Now that we have dropped support for Java 5, maybe it would make sense to make Lucene use the JDK impl of ntz? According to the release notes, the numberOfTrailingZeros method was made an intrinsic in Java 6u18[1] which is nearly 3 years old now, so this sounds like a safe bet?

 [1] http://www.oracle.com/technetwork/java/javase/6u18-142093.html
                
> Micro-benchmarks for ntz and pop (BitUtils) operations.
> -------------------------------------------------------
>
>                 Key: LUCENE-2221
>                 URL: https://issues.apache.org/jira/browse/LUCENE-2221
>             Project: Lucene - Core
>          Issue Type: Task
>          Components: core/other
>            Reporter: Dawid Weiss
>            Priority: Trivial
>         Attachments: benchmark.jar, benchmarks.txt, lucene-bitset-benchmarks.zip, results-popntz.txt
>
>
> As suggested by Yonik, I performed a suite of micro-benchmarks to investigate the following:
> * pop() (bitCount) seems to be implemented in the same way ("hacker's delight") as in the BitUtils class (SUN's standard library from version 1.5).

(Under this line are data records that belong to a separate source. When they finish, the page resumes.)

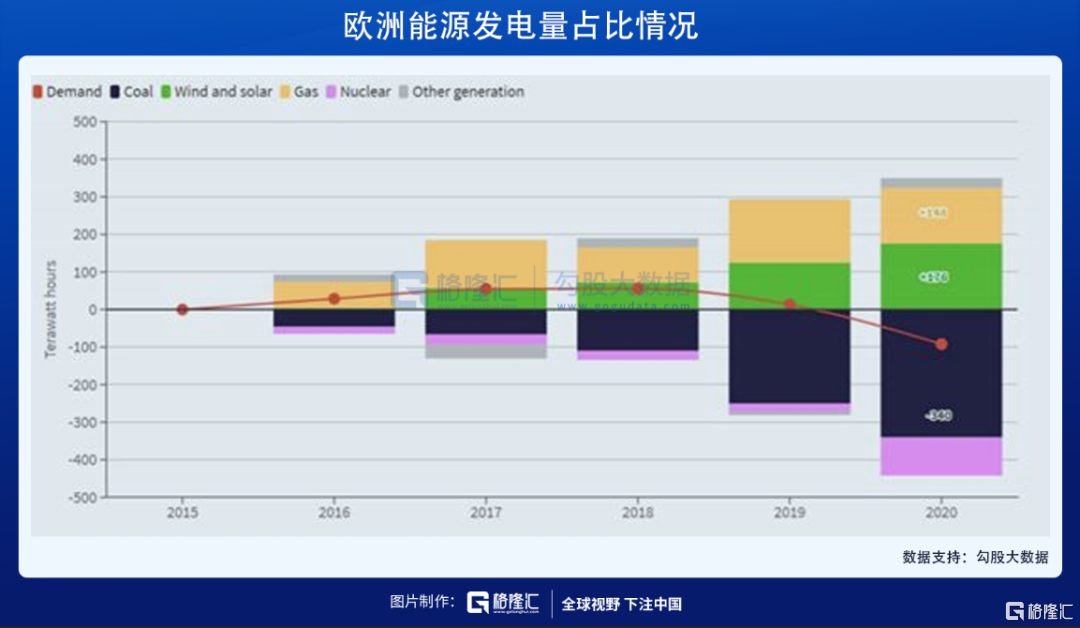 数据显示,2020年,欧洲煤炭发电量占发电总量的13%,占比下降了20%,是2015年的一半。其中一半由太阳能和风电填补(176 TWh),另一半则由天然气取代。
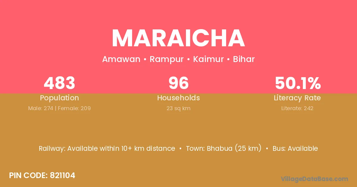 Bhabua (25 km) is the nearest town to Maraicha village for major economic activities and is located approximately 25 km away.
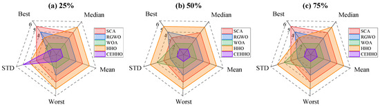 Figure 10 shows the statistical ranking of the best value, median, mean, worst value, and STD of different meth. As shown in the inflow scenario shown in Figure 10a, the proposed method performs poorly in terms of standard deviation compared to other methods, but it obtains the best ranking for other metrics. In addition, combined with the data in Figure 9a, it can be clearly seen that the overall distribution of the proposed method is better than that of other methods. In the inflow scenarios shown in Figure 10b,c, it is obvious that the results of the original HHO method are the worst among all methods. In contrast, the proposed CEHHO method outperforms all other methods and obtains the highest ranking. This clearly demonstrates the effectiveness of the proposed strategy.

> * native intrinsics have been recently added to the HotSpot that should speed up bitCount significantly.
> I have tried to run the code on various VMs and architectures, but of course the results may vary depending on the setting.
> h2. Micro-benchmark code, evaluation
> * The micro-benchmarks were written as JUnit tests with a custom set of rules that repeats each test measuring execution time, gc use, etc.
> * There were 5 warmup runs before each test, followed by 15 benchmarked runs. The result contain overall times, round times and standard deviations where applicable.
> * There were several tests for isolated performance of {{BitUtil.pop()}}, JDK's {{bitCount}}, {{BitUtil.ntz()}}, {{BitUtil.ntz2()}}, {{BitUtil.ntz3()}} and JDK's {{numberOfTrailingZeros}}, the test code had the following loop:
> {code}
> final long [] longs = NtzPopBenchmark.random.bits;
> int cnt = 0;
> for (int i = longs.length; --i >= 0;)
> {
>    cnt += Long.bitCount(longs[i]);
> }
> volatileVariable = cnt; // to prevent dead code removal.
> {code}
> * I also added another version of pop() based on a precomputed bit counts. This version was called {{pop2}}.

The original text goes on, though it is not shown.